_Data records_

Segment Open

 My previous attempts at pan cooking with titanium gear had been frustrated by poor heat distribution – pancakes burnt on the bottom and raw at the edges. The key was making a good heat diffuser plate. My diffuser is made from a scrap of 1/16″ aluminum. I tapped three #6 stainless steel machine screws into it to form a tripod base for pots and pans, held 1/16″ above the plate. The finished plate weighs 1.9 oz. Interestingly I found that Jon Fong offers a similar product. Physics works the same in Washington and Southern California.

Segment Closed
Segment Open

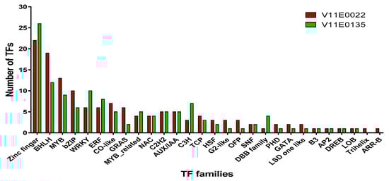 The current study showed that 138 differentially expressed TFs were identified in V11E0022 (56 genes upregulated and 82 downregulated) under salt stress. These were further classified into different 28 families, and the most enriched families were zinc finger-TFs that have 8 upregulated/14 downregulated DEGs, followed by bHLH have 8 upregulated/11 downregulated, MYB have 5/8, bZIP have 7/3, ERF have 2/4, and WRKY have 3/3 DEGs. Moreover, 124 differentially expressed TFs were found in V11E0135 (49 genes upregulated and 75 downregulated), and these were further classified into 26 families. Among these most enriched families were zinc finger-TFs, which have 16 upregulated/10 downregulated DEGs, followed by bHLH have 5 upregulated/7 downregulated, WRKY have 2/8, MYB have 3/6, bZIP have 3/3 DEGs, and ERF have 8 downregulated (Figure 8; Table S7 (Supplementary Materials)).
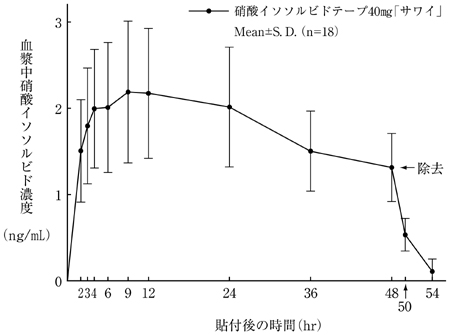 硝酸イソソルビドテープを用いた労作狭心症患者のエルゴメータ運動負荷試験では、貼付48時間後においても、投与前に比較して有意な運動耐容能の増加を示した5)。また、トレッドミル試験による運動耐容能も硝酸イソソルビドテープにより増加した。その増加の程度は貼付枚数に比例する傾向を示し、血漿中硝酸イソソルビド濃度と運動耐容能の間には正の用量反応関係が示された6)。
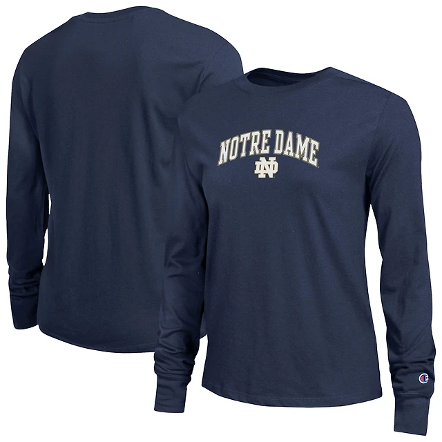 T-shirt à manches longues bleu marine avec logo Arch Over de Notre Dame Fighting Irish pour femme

Segment Closed
Segment Open

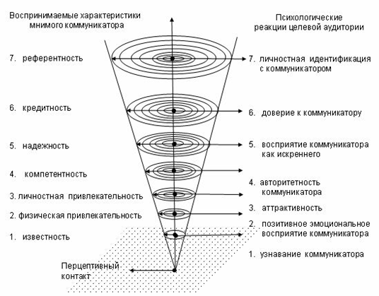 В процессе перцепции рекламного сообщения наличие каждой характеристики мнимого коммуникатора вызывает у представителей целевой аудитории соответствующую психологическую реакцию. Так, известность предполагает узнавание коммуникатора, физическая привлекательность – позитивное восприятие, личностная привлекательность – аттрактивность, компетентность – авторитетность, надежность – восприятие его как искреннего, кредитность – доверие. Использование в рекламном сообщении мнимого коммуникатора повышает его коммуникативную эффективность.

Segment Closed

_Exercise instructions_
Copy word for word only the lines above from the one with "硝酸イソソルビドテープを用い" through the one with "T-shirt à manches". Leave pictures out.

_Response_
 硝酸イソソルビドテープを用いた労作狭心症患者のエルゴメータ運動負荷試験では、貼付48時間後においても、投与前に比較して有意な運動耐容能の増加を示した5)。また、トレッドミル試験による運動耐容能も硝酸イソソルビドテープにより増加した。その増加の程度は貼付枚数に比例する傾向を示し、血漿中硝酸イソソルビド濃度と運動耐容能の間には正の用量反応関係が示された6)。
 T-shirt à manches longues bleu marine avec logo Arch Over de Notre Dame Fighting Irish pour femme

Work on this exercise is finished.